I once heard someone characterize the scientific temperament as “being comfortable not knowing”. No, no, no! Just the opposite, in fact. The unscientific temperament is being comfortable not knowing, being fine with your infinite ignorance as long as you can go about your day. The scientific temperament is being so deeply  uncomfortable not knowing that it overrides the discomfort everyone feels when their beliefs are proven wrong. It is to have a drive to actually know—not to think you know, not to feel as if you know, not to assume you know and never think about it, but to actually know—that is so strong it pushes you through all the pain and doubt and confusion of actually trying to find out.

An analogy I like to use is The Armor of Truth. Suppose you were presented with a piece of armor, The Armor of Truth, which is claimed to be indestructible. You will have the chance to wear this armor into battle; if it is indeed indestructible, you will be invincible and will surely prevail. But what if it isn’t? What if it has some weakness you aren’t aware of? Then it could fail and you could die.

How would you go about determining whether The Armor of Truth is really what it is claimed to be? Would you test it with things you expect it to survive? Would you brush it with feathers, pour glasses of water on it, poke it with your finger? Would you seek to confirm your belief in its indestructibility? (As confirmation bias would have you do?) No, you would test it with things you expect to destroy it; you’d hit it with everything you have. You’re fire machine guns at it, drop bombs on it, pour acid on it, place it in a nuclear testing site. You’d do everything you possibly could to falsify your belief in the armor’s indestructibility. And only when you failed, only after you had tried everything you could think of to destroy the armor and it remained undented and unscratched, would you begin to believe that it is truly indestructible. (Popper was exaggerating when he said all science is based on falsification; but he was not exaggerating very much.)
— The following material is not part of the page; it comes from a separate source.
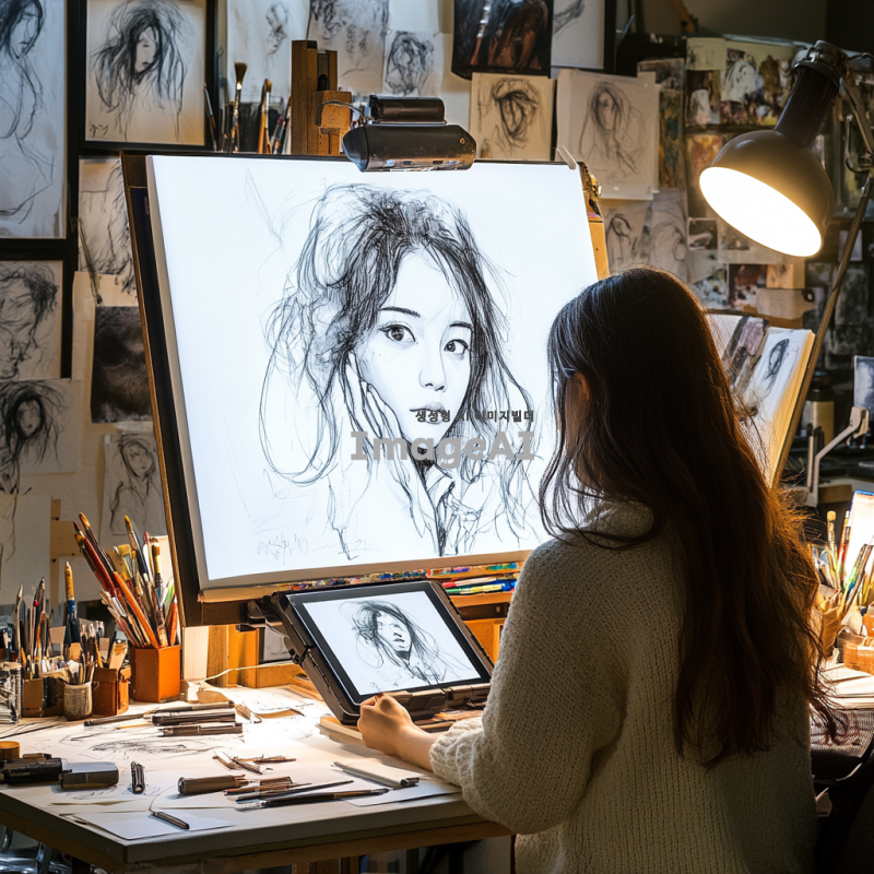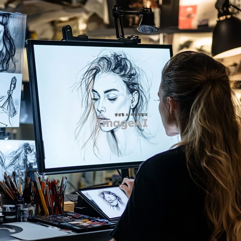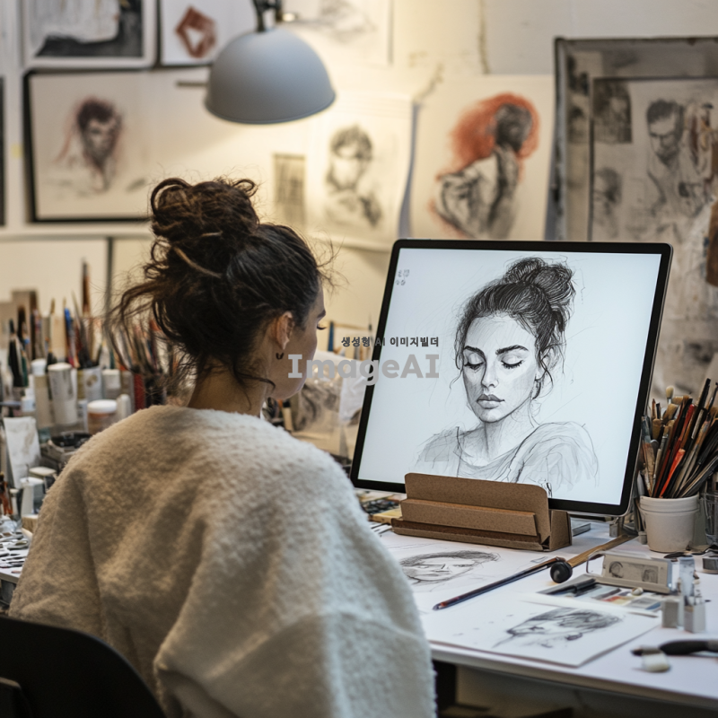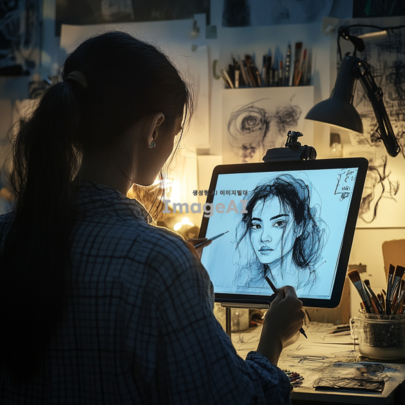 디지털 아트 스튜디오에서 타블렛을 사용하여 집중해서 인물 초상화를 그리고 있는 여성, 창의적인 분위기와 조명이 부드럽게 비추는 환경, 주변에 다양한 예술 도구와 스케치가 흩어져 있는 모습, 작업하고 있는 여성의 뒷모습, 현대적인 예술 작업 공간.

Science is The Armor of Truth, and we wear it into battle—but now the analogy begins to break down, for our beliefs are within us, they are part of us. We’d like to be able to point the machineguns at armor far away from us, but instead it is as if we are forced to wear the armor as the guns are fired. When a break in the armor is found and a bullet passes through—a belief we dearly held is proven false—it hurts us, and we wish we could find another way to test it. But we can’t; and if we fail to test it now, it will only endanger us later—confront a false belief with reality enough and it will eventually fail. A scientist is someone who accepts this and wears the armor bravely as the test guns blaze.

Being a scientist means confronting your own ignorance: Not accepting it, but also not ignoring it; confronting it. Facing it down. Conquering it. Destroying it.